Caring for Your Christmas Tree

Caring for Your Christmas Tree

Keep that tree looking and smelling fresh for family, guests, and Santa’s visit!

No need to groan about one more thing on a long to-do-list, just write down these 2 important tips for tree care:

  1. Fill the tree stand with water every day.
  2. Keep it cool.

Why Water is #1

High moisture levels reduce needle loss and keep the tree fresh. Your tree’s absorption rate varies day-to-day, so keep the reservoir full daily. For most Christmas trees, the stand should hold at least 1 gallon of water. A cut tree will absorb a surprising amount of water.

Don’t bother:

  • Adding water-holding gels to the stand.
    It’s not beneficial and they can reduce the amount of water in the stand that is available to the tree.
  • Using additives in the water.
    Things like floral preservatives, commercial tree preservatives, molasses, sugar, bleach, soft drinks, aspirin, honey, and other concoctions. Clean water is all that is needed to maintain freshness.
  • Drilling a hole in the base or sides of the trunk.
    It does not improve water uptake.
  • Applying anti-transpirants or flame retardants to the foliage surface.
    These products are marketed as a way to block evaporation from the foliage surface, but in reality they have little effect on a cut tree displayed indoors. Displaying trees in water with proper care is much more effective in reducing fire hazards.

Why Cool is #2

Heat dries out trees. The lower the heat, the less the drying effect, and the longer the needles will stay on.
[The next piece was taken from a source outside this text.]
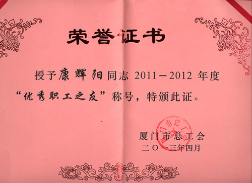 廈門市工會授予康輝陽同志2012年度廈門市優(yōu)秀職工之友
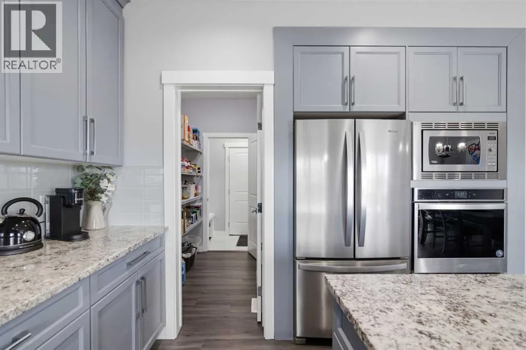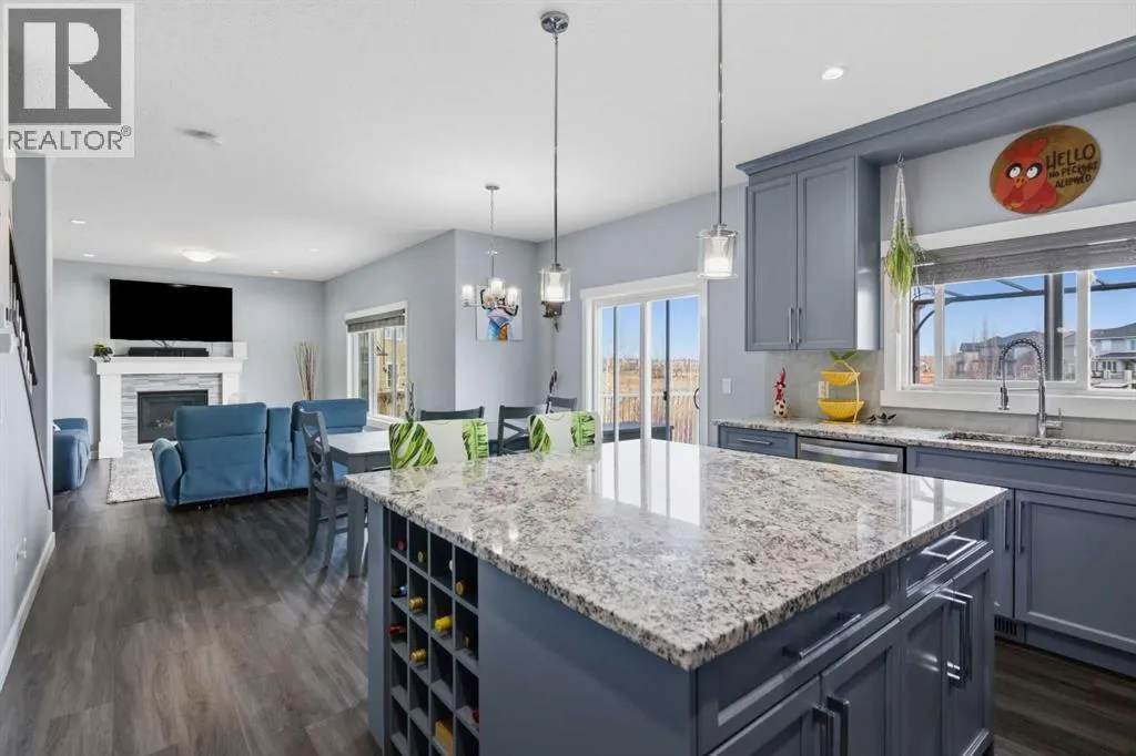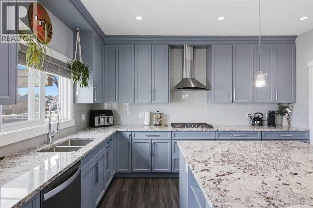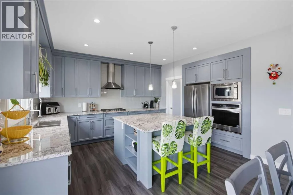 ***OPEN HOUSE Sunday March 22 from 2pm-4pm***Come view this High River detached 2200 sq ft home, with a fully developed Walk Out basement adding an additional 1000 sq ft of living space. Beautifully appointed 5-bedroom, 4-bath home is in like-new condition and perfectly situated at the end of a quiet cul-de-sac, backing onto a tranquil pond and park in the community of Montrose. Designed to maximize natural light and picturesque views, the kitchen, living room, dining room, primary suite, and walkout level all overlook the water. High-quality finishes are showcased throughout, including durable laminate floors, granite countertops, custom tile, 9' ceilings, a striking 40" wide staircase, and premium cabinetry and woodwork throughout. The chefâs kitchen features a large island, walk-through pantry, and built-in high-end stainless-steel appliances with a gas cooktop. The thoughtful layout includes a private main-floor office, bright bonus room, second-floor laundry, and a well-designed mudroom. Outdoor living is exceptional with an oversized 22' deck and a poured patio on the walkout level. Set on a large pie-shaped, fully fenced lot, this home offers luxury, privacy, and an unbeatable location. Close to schools and shopping, come check out your new home today. (id:27476)

Display your tree away from heat sources like fireplaces, heat vents, heaters, or even direct sunlight. If possible, use lights that produce low heat such as miniature lights on the tree. Lowering room temperatures can also slow the drying process.

Be sure to monitor your tree for dryness. Run your fingers across the needles to determine if they are dry and brittle. The tree is dry if the needles break or fall off easily A well-cared-for tree should remain fresh for three to four weeks.